Vor­steu­er­ab­zug aus Mie­ter­ein­bau­ten

Ein Mie­ter, der in ange­mie­te­ten Räum­lich­kei­ten Ein- und Umbau­ten („Mie­ter­ein­bau­ten“) im eige­nen Namen vor­neh­men lässt, kann die ihm hier­für von Bau­hand­wer­kern in Rech­nung gestell­te Umsatz­steu­er im Fal­le einer ent­gelt­li­chen Wei­ter­lie­fe­rung an den Ver­mie­ter als Vor­steu­er abzie­hen. Eine Wei­ter­lie­fe­rung liegt jeden­falls dann vor, wenn er dem Ver­mie­ter nicht nur das zivil­recht­li­che Eigen­tum über­trägt, son­dern auch einen unmit­tel­bar von die­sem tat­säch­lich genutz­ten wirt­schaft­li­chen Vor­teil zuwen­det.

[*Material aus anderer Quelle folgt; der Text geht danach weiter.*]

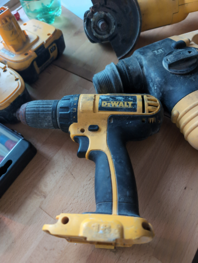 The pictured item is a DEWALT cordless drill/driver body (battery removed) — a handheld power tool in DEWALT’s yellow-and-black professional range. The visible DEWALT nameplate and characteristic color scheme identify it as part of DEWALT’s power-tool family rather than a different brand.
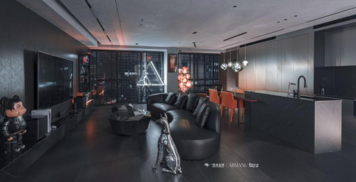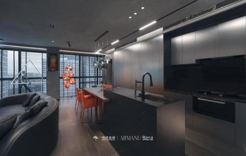餐桌与岛台一体顺延,高低有致,拥揽绝佳的视野和体验。与之呼应的柜子、墙面无缝一体,让空间更加纯净、整体。张力与温度,自由又自在。
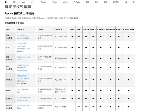 从名单来看,苹果官方认可的平台自营或自有网站包括百联、京东、山姆、顺电、苏宁易购、天际购、五星享购、中国移动
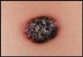 This pigmented lesion has developed over the past 12 months on the posterior aspect of a 3-year-old boy's thigh. The lesion measures 5 mm and exhibits a dark black nodular center with a light brown pigmented periphery. The lesion is asymptomatic, and the child is well.

Vor­steu­er­ab­zug aus Mie­ter­ein­bau­ten

Nach § 15 Abs. 1 Satz 1 Nr. 1 UStG kann ein Unter­neh­mer die gesetz­lich geschul­de­te Steu­er für Lie­fe­run­gen und sons­ti­ge Leis­tun­gen, die von einem ande­ren Unter­neh­mer für sein Unter­neh­men aus­ge­führt wor­den sind, als Vor­steu­er abzie­hen. Aus­ge­schlos­sen ist der Vor­steu­er­ab­zug nach § 15 Abs. 2 Satz 1 Nr. 1 UStG für Leis­tun­gen, die der Unter­neh­mer für steu­er­freie Umsät­ze ver­wen­det. Uni­ons­recht­lich beruht dies auf Art. 168 Buchst. a der Richt­li­nie 2006/​112/​EG des Rates vom 28.11.2006 über das gemein­sa­me Mehr­wert­steu­er­sys­tem (MwSt­Sys­tRL). Danach ist der Steu­er­pflich­ti­ge (Unter­neh­mer), der Gegen­stän­de und Dienst­leis­tun­gen für Zwe­cke sei­ner besteu­er­ten Umsät­ze ver­wen­det, befugt, die im Inland geschul­de­te oder ent­rich­te­te Mehr­wert­steu­er für Gegen­stän­de und Dienst­leis­tun­gen, die ihm von einem ande­ren Steu­er­pflich­ti­gen gelie­fert oder erbracht wer­den, von der von ihm geschul­de­ten Steu­er abzu­zie­hen.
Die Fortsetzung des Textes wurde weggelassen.